Australia Sends Search Teams to Turkey Earthquake Zone




SYDNEY — Australia is sending emergency services personnel to earthquake-hit regions in Turkey. The group of 72 includes fire and rescue specialists, mostly from New South Wales state. Monday’s 7.8 magnitude earthquake in Turkey and neighboring Syria has killed an estimated 24,000 people and injured many more.

Time is running out for rescuers trying to reach victims trapped in freezing conditions under rubble following Monday’s earthquake in southeastern Turkey and northeastern Syria.

Syrian President Bashar al-Assad and his wife Asma al-Assad inspect rescue operations at the site of damaged buildings, in the aftermath of the earthquake, in Jableh , Syria, in this handout released by SANA on February 11, 2023. Syrian President Bashar al-Assad and his wife Asma al-Assad inspect rescue operations at the site of damaged buildings, in the aftermath of the earthquake, in Jableh , Syria, in this handout released by SANA on February 11, 2023.

Australia is the latest country to send specialist search and rescue teams as well as medical staff and engineers. It is also sending 22 metric tons of emergency equipment, including first aid supplies, cameras, and underground listening equipment to allow them to search for survivors. The United States, China and India have also sent disaster response teams.

In a statement Friday, Australian Foreign Affairs Minister Penny Wong said she extended her country’s "condolences to families and communities that have lost loved ones, and those whose lives and livelihoods have been affected."
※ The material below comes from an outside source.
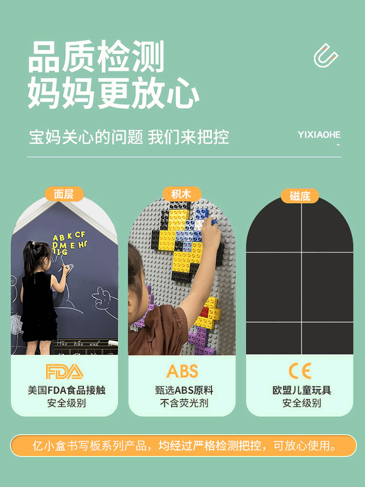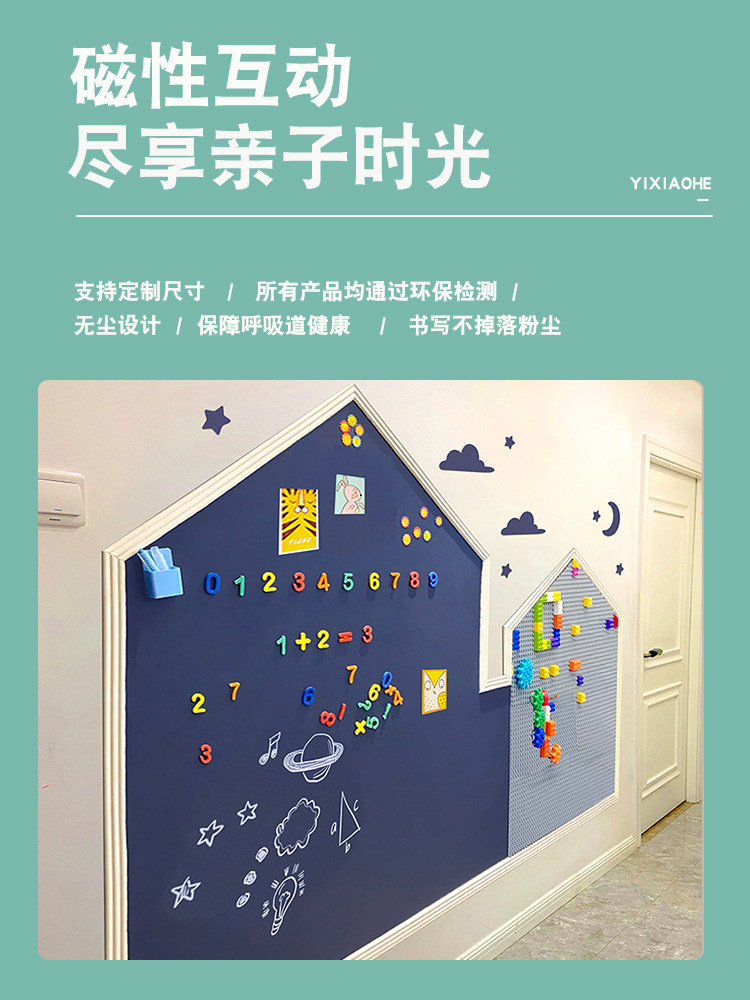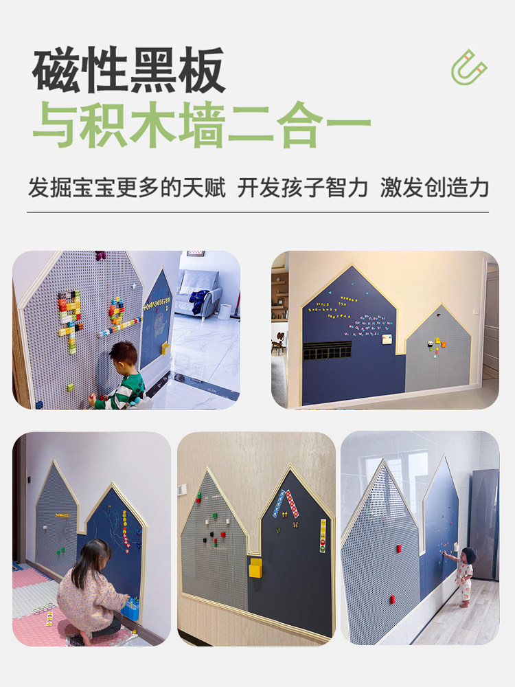 亿小盒防撞条边框涂鸦黑板积木墙二合一儿童孩子宝宝双层磁性黑板墙贴学校幼儿园家用可擦写白板黑板墙装饰墙

Emergency Management Minister Murray Watt told the Australian Broadcasting Corp. Friday that the country is eager to help.

"I would like to think that by Australia playing a role, we might be able to save a few more lives,’ Watt said. ‘Obviously with every day that goes by, it becomes less and less likely that there will be survivors, but these are really highly trained expert personnel from Australia, and I am really proud that Australia is playing a role, and I really thank those emergency personnel for being willing to go and do it."

Several Australian citizens are reported missing in the earthquake zone. At least two have been killed.

Community groups and aid organizations in Australia, including Muslim charities and mosques, have set up fundraising campaigns to help victims of the earthquake that has left millions homeless in Turkey and Syria.

The government has committed $7 million in aid that will be distributed through the Red Cross and other humanitarian agencies.